Source material:

◆ ◆ ◆ ◆

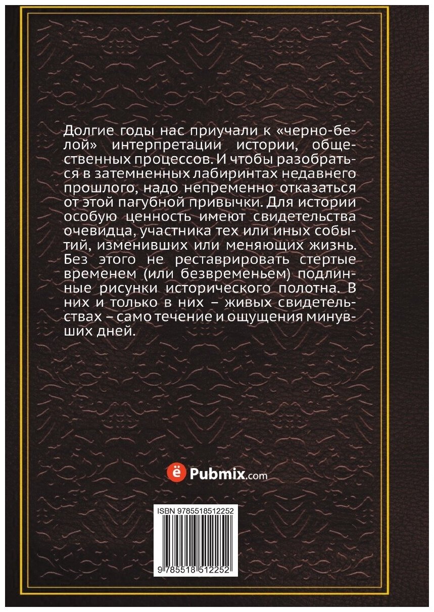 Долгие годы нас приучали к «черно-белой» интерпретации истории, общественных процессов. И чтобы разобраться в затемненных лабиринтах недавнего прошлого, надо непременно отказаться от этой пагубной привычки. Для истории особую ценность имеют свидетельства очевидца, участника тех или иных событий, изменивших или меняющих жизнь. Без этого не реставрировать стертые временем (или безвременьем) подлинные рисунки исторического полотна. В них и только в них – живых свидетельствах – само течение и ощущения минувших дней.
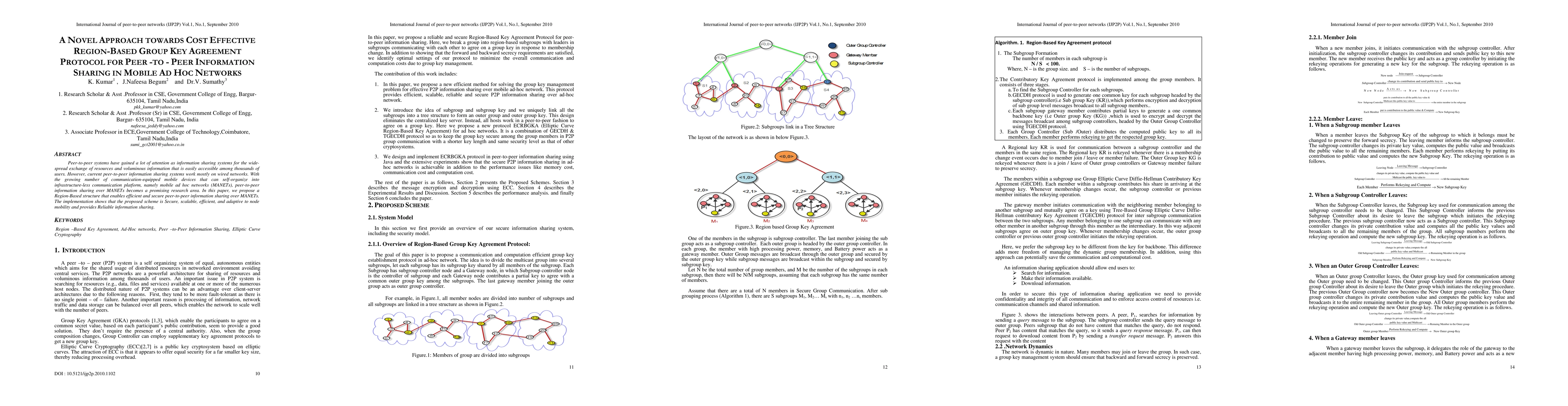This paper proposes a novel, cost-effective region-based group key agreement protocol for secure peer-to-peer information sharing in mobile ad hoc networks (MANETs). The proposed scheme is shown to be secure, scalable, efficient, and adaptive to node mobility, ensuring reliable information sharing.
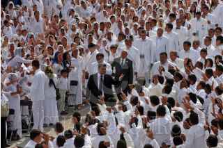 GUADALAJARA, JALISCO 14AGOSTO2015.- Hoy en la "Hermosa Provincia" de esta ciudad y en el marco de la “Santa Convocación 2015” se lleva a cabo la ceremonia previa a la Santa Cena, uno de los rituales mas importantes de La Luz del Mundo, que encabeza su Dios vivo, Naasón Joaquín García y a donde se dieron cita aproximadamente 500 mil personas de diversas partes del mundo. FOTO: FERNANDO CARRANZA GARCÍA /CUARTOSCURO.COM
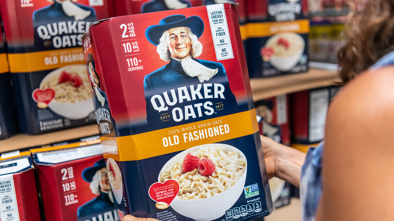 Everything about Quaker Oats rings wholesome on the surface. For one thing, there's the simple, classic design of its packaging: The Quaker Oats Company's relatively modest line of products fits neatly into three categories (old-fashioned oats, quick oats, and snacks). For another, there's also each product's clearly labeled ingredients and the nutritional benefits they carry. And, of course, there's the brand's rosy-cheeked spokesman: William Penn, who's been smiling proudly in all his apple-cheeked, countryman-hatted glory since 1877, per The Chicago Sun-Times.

◆ ◆ ◆ ◆

What is required: Restate the material word for word; no picture should appear in the copy.

Exercise response:
 Долгие годы нас приучали к «черно-белой» интерпретации истории, общественных процессов. И чтобы разобраться в затемненных лабиринтах недавнего прошлого, надо непременно отказаться от этой пагубной привычки. Для истории особую ценность имеют свидетельства очевидца, участника тех или иных событий, изменивших или меняющих жизнь. Без этого не реставрировать стертые временем (или безвременьем) подлинные рисунки исторического полотна. В них и только в них – живых свидетельствах – само течение и ощущения минувших дней.
This paper proposes a novel, cost-effective region-based group key agreement protocol for secure peer-to-peer information sharing in mobile ad hoc networks (MANETs). The proposed scheme is shown to be secure, scalable, efficient, and adaptive to node mobility, ensuring reliable information sharing.
 GUADALAJARA, JALISCO 14AGOSTO2015.- Hoy en la "Hermosa Provincia" de esta ciudad y en el marco de la “Santa Convocación 2015” se lleva a cabo la ceremonia previa a la Santa Cena, uno de los rituales mas importantes de La Luz del Mundo, que encabeza su Dios vivo, Naasón Joaquín García y a donde se dieron cita aproximadamente 500 mil personas de diversas partes del mundo. FOTO: FERNANDO CARRANZA GARCÍA /CUARTOSCURO.COM
 Everything about Quaker Oats rings wholesome on the surface. For one thing, there's the simple, classic design of its packaging: The Quaker Oats Company's relatively modest line of products fits neatly into three categories (old-fashioned oats, quick oats, and snacks). For another, there's also each product's clearly labeled ingredients and the nutritional benefits they carry. And, of course, there's the brand's rosy-cheeked spokesman: William Penn, who's been smiling proudly in all his apple-cheeked, countryman-hatted glory since 1877, per The Chicago Sun-Times.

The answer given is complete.